=== Begin Enclosure ===

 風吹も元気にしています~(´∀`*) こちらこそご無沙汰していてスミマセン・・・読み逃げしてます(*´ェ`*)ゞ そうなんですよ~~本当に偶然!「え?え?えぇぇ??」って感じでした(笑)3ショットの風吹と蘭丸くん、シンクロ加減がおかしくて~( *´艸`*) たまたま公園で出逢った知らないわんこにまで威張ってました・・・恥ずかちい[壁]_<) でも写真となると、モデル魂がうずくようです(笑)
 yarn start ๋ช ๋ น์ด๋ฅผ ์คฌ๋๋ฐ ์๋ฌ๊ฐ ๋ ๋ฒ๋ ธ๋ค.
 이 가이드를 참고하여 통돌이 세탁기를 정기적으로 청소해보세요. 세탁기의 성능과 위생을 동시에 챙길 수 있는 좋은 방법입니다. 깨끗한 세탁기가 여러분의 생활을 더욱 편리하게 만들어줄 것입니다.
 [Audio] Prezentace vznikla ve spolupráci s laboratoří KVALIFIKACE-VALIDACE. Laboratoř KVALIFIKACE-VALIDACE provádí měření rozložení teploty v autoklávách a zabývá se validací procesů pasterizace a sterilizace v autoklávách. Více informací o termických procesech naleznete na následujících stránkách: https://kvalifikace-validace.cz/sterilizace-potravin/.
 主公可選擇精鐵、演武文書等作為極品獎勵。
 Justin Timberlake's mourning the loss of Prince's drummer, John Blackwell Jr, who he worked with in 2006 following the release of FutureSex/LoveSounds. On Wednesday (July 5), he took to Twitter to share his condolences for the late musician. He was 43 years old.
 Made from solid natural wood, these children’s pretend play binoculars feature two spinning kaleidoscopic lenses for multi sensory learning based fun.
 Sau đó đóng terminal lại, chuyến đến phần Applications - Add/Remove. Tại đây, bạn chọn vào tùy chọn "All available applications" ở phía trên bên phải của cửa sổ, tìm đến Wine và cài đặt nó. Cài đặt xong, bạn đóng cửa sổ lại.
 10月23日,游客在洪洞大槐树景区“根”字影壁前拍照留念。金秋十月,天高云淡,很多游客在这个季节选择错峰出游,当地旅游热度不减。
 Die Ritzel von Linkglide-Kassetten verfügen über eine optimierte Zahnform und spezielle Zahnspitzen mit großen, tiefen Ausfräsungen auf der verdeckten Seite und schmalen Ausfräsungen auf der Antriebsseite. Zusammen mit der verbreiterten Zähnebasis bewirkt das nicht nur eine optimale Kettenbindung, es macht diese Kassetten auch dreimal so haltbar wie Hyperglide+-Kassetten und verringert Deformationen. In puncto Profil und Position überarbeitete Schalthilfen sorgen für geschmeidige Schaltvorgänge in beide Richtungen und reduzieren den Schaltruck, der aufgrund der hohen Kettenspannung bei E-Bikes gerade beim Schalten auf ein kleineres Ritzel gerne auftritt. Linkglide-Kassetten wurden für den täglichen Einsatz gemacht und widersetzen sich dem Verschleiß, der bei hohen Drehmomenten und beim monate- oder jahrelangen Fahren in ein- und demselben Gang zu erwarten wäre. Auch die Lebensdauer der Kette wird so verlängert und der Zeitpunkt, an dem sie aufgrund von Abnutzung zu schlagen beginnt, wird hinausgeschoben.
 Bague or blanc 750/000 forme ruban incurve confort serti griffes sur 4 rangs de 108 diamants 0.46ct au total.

=== End Enclosure ===
=== Begin Enclosure ===

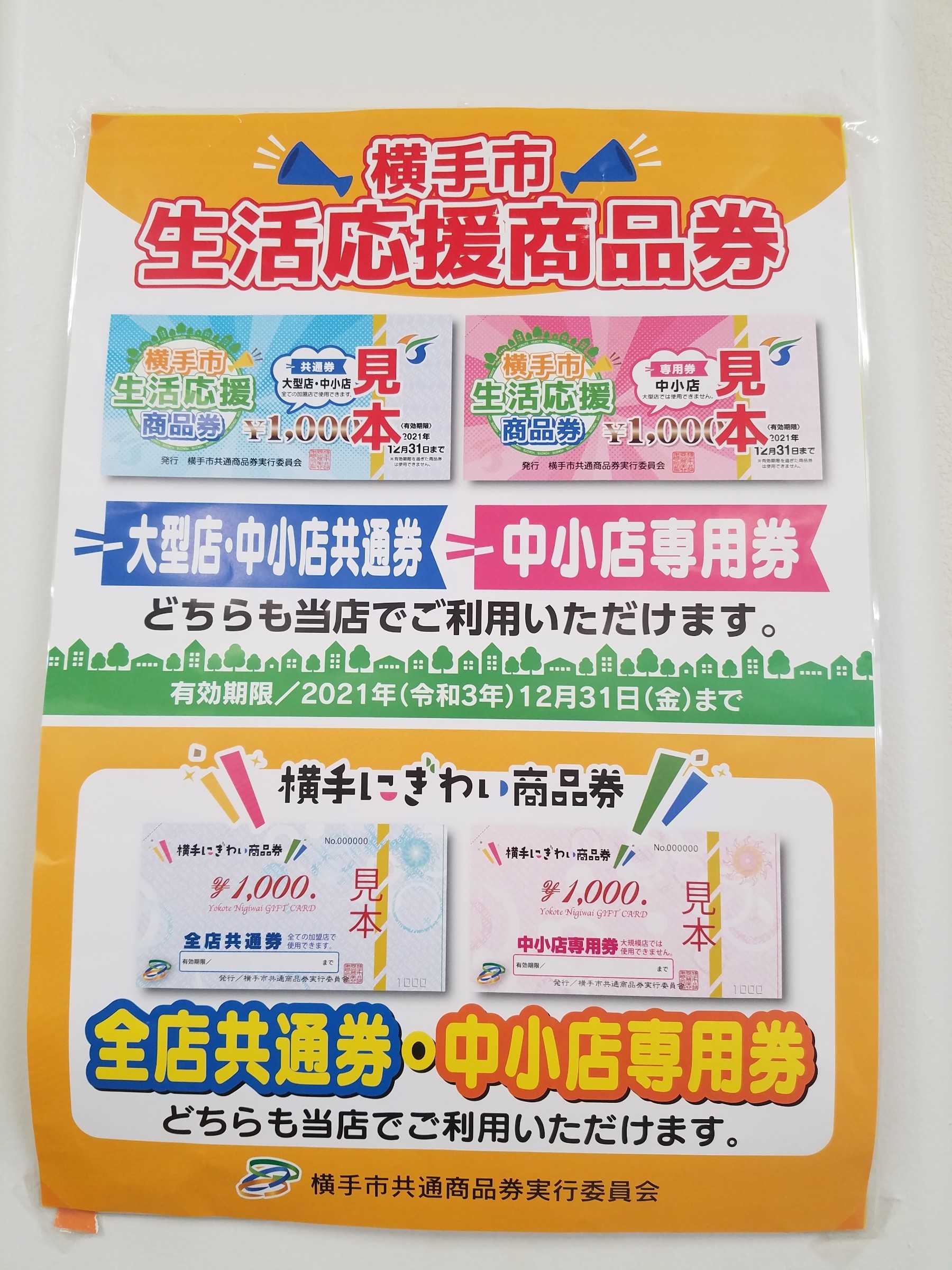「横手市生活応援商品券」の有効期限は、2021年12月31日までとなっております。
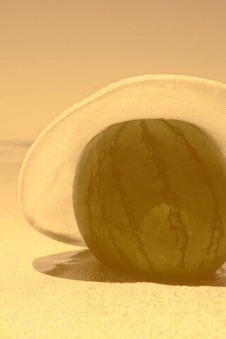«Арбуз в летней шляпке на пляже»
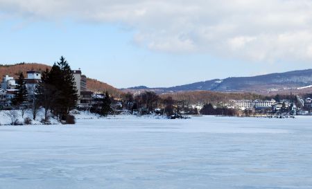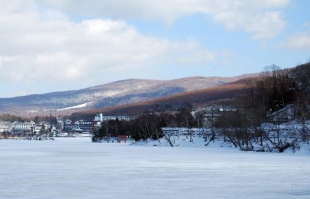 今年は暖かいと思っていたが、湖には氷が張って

=== End Enclosure ===

What you give back should be exactly the lines of the data above from the line with "[Audio] Prezentace vznikla" through the line with "10月23日,游客在洪洞大槐", both of those included, and nothing more.

_Written answer_.
 [Audio] Prezentace vznikla ve spolupráci s laboratoří KVALIFIKACE-VALIDACE. Laboratoř KVALIFIKACE-VALIDACE provádí měření rozložení teploty v autoklávách a zabývá se validací procesů pasterizace a sterilizace v autoklávách. Více informací o termických procesech naleznete na následujících stránkách: https://kvalifikace-validace.cz/sterilizace-potravin/.
 主公可選擇精鐵、演武文書等作為極品獎勵。
 Justin Timberlake's mourning the loss of Prince's drummer, John Blackwell Jr, who he worked with in 2006 following the release of FutureSex/LoveSounds. On Wednesday (July 5), he took to Twitter to share his condolences for the late musician. He was 43 years old.
 Made from solid natural wood, these children’s pretend play binoculars feature two spinning kaleidoscopic lenses for multi sensory learning based fun.
 Sau đó đóng terminal lại, chuyến đến phần Applications - Add/Remove. Tại đây, bạn chọn vào tùy chọn "All available applications" ở phía trên bên phải của cửa sổ, tìm đến Wine và cài đặt nó. Cài đặt xong, bạn đóng cửa sổ lại.
 10月23日,游客在洪洞大槐树景区“根”字影壁前拍照留念。金秋十月,天高云淡,很多游客在这个季节选择错峰出游,当地旅游热度不减。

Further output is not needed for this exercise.